Oil rises on tightening supplies, set for fourth straight week of gains

News Room

By Shariq Khan

BENGALURU (Reuters) -Oil prices rose nearly 1% on Friday, buoyed by growing evidence of supply shortages in the coming months and rising tensions between Russia and Ukraine that could further hit supplies.

futures rose 90 cents, or 1.1%, to $80.54 a barrel by 11:36 a.m. EDT [1536 GMT]. U.S. West Texas Intermediate futures rose 97 cents, or 1.3%, to $76.62 a barrel.

“The oil market is starting to slowly price in a looming supply crunch as it is on track for its fourth week of price gains,” said Price Futures Group analyst Phil Flynn.

“Global supplies are starting to tighten and that could accelerate dramatically in the coming weeks.
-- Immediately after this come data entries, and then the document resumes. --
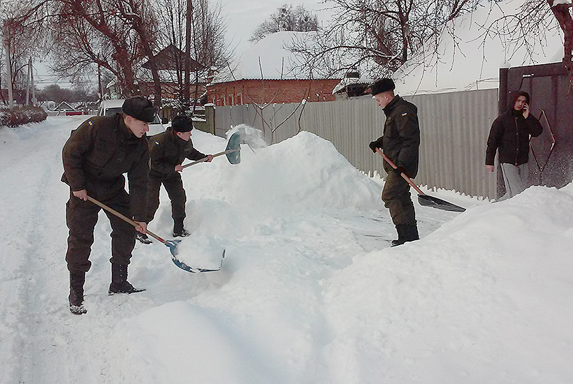 Суттєве погіршення погодних умов у вигляді снігу, хуртовини та ожеледиці накрило більшу частину нашої країни . Не оминули дані снігопади й Сумську область, де до ліквідації снігових наметів активно долучилися і військовослужбовці військової частини 3051.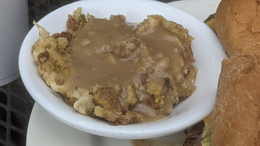 From the moment I stepped in, the counter staff impressed me with their sublime serviceākind, quick-witted, and genuinely grateful. We ordered two classics: the BBQ sandwich and the Philly steak with cheese, accompanied by sides of mac and cheese and stuffing with gravy. These dishes were pure comfort on plates, enjoyed in the charming outdoor setting on West Main.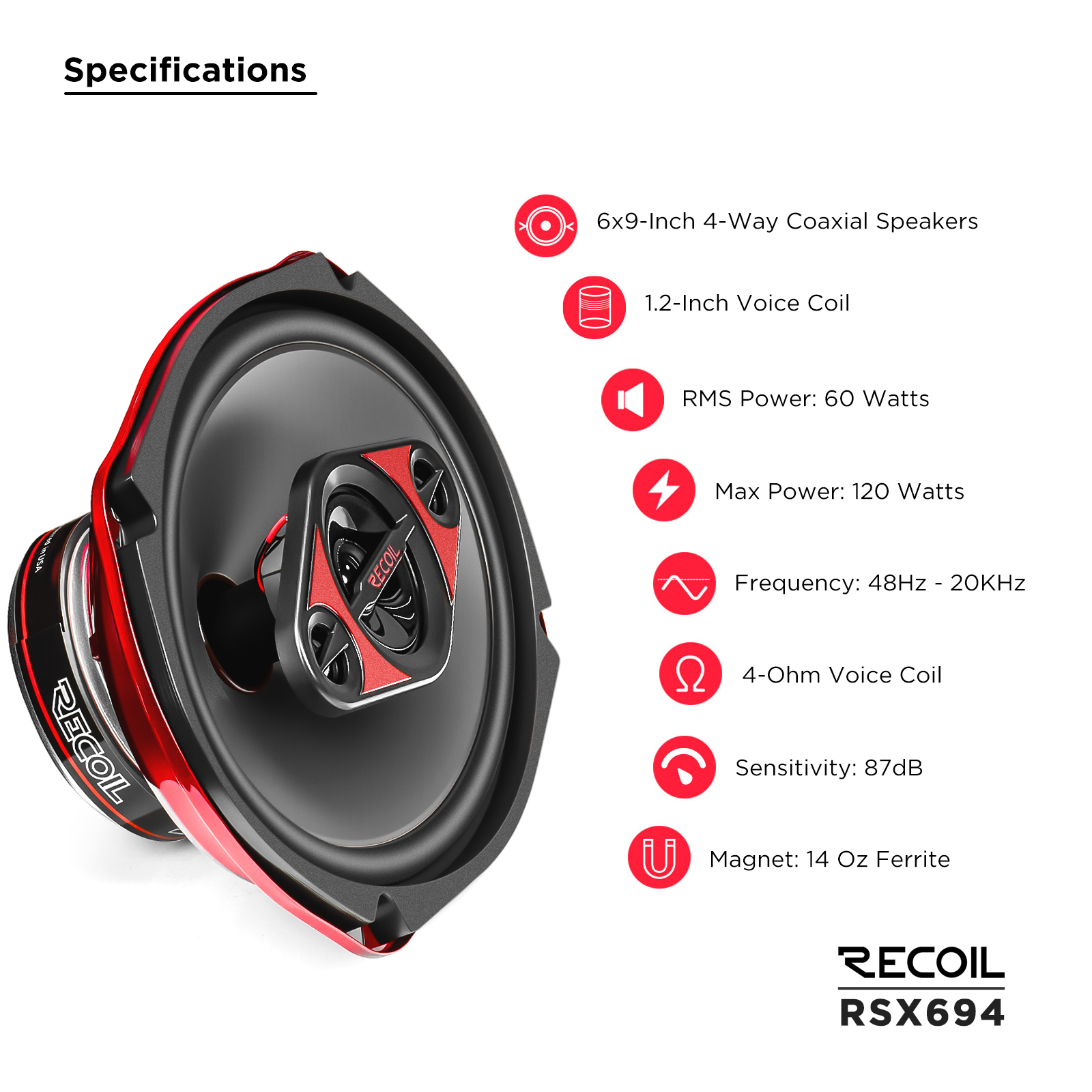 Be the first to review “RSX694 6×9 Inch 4-Way Coaxial Car Speakers – 240W Max Power (Pair), High-Performance & Balanced Sound with Mylar Midrange, Two Tweeters for Crisp Highs – Perfect for Car Audio Upgrades” Cancel reply

Increased war risk could also impact prices,” Flynn said.

Russia hit Ukrainian food export facilities for a fourth day in a row on Friday and practised seizing ships in the Black Sea, in an escalation of tensions in the region since Moscow’s withdrawal this week from a UN-brokered safe sea corridor agreement.

In the U.S., crude inventories have also fallen, amid a jump in crude exports and higher refinery utilisation, the Energy Information Administration (EIA) said on Wednesday.

Separately on Friday, UAE Energy Minister Suhail al-Mazrouei told Reuters that current actions by OPEC+ to support the oil market were sufficient for now and the group is “only a phone call away” if any further steps are needed.

Meanwhile, investors welcomed stimulus measures designed to reinvigorate China’s sluggish economy. Data from the world’s second-biggest oil consumer suggests the government’s 5% annual growth target will be missed.

On Friday, Chinese authorities unveiled plans to help boost sales of automobiles and electronics.

“We estimate the supply and demand balance for oil in the $75-95 range for 2024, as limited OPEC+ supply and good demand in the U.S. is offset somewhat by weaker-than-expected demand in China as its economic recovery continues to lag,” said Jay Hatfield, chief executive officer at Infrastructure Capital Management.